Exercise aim: The reply should hold every line of the data below, unchanged, and none of the pictures.

Dataset excerpt:
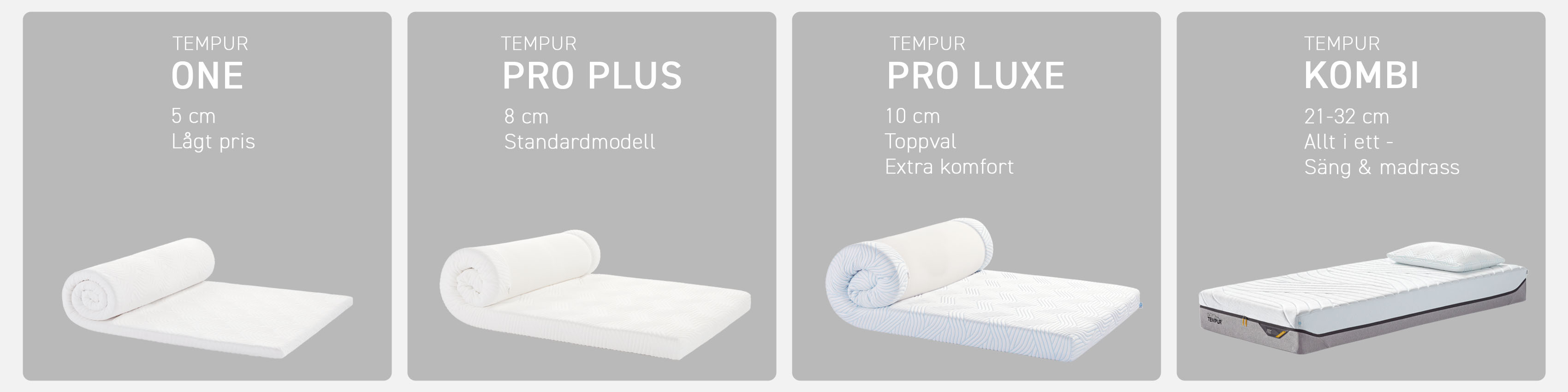 Bäddmadrass Pro Luxe SmartCool (svalt tyg) 10 cm Tempur 10270 kr Bäddmadrass Pro Plus 8 cm (utan SmartCool) Tempur 7890 kr Bäddmadrass One 5 cm Tempur 5999 kr Madrass Pro Plus CoolQuilt 27 cm Tempur 21242 kr
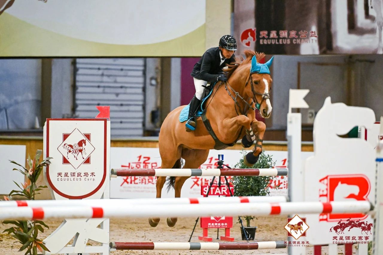 在一轮+即时附加赛中零罚分完赛的共有5对人马组合。代表内蒙古漠野马业参赛的陈贺其勒图搭档“旺福”以附加赛31.36秒的完赛时间赢得了1.25M级别冠军,足足比亚军人马组合快了近3秒。
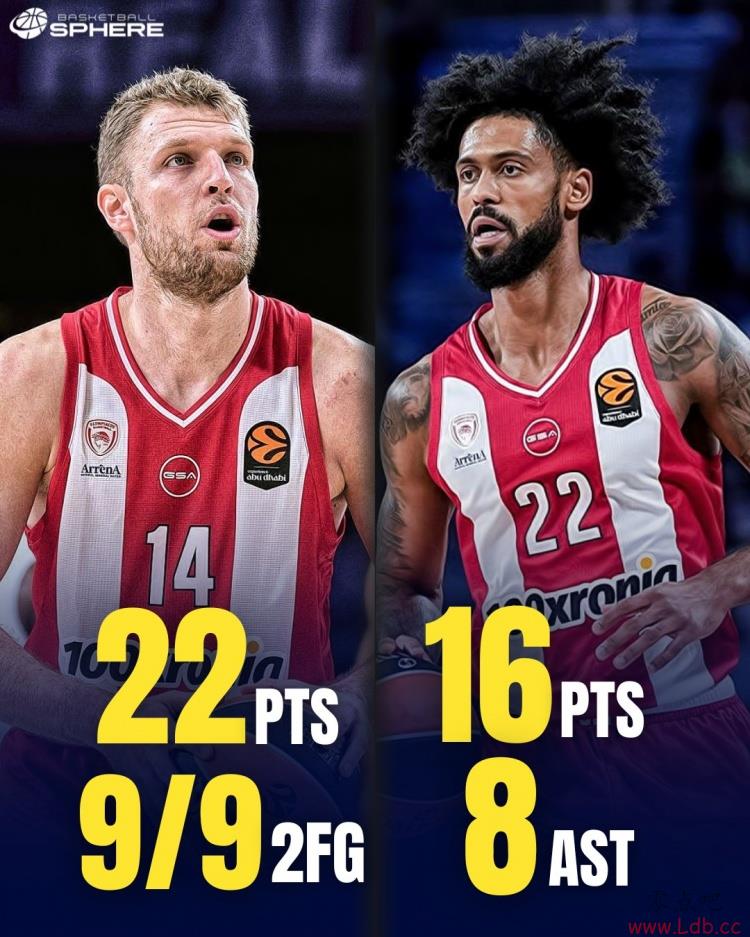 本场比赛奥林匹亚科斯球星韦津科夫14中10,其中两分球9中9,砍下22分6板2助,队友泰勒-多西拿到16分5板8助攻。

Answer section:
 Bäddmadrass Pro Luxe SmartCool (svalt tyg) 10 cm Tempur 10270 kr Bäddmadrass Pro Plus 8 cm (utan SmartCool) Tempur 7890 kr Bäddmadrass One 5 cm Tempur 5999 kr Madrass Pro Plus CoolQuilt 27 cm Tempur 21242 kr
 在一轮+即时附加赛中零罚分完赛的共有5对人马组合。代表内蒙古漠野马业参赛的陈贺其勒图搭档“旺福”以附加赛31.36秒的完赛时间赢得了1.25M级别冠军,足足比亚军人马组合快了近3秒。
 本场比赛奥林匹亚科斯球星韦津科夫14中10,其中两分球9中9,砍下22分6板2助,队友泰勒-多西拿到16分5板8助攻。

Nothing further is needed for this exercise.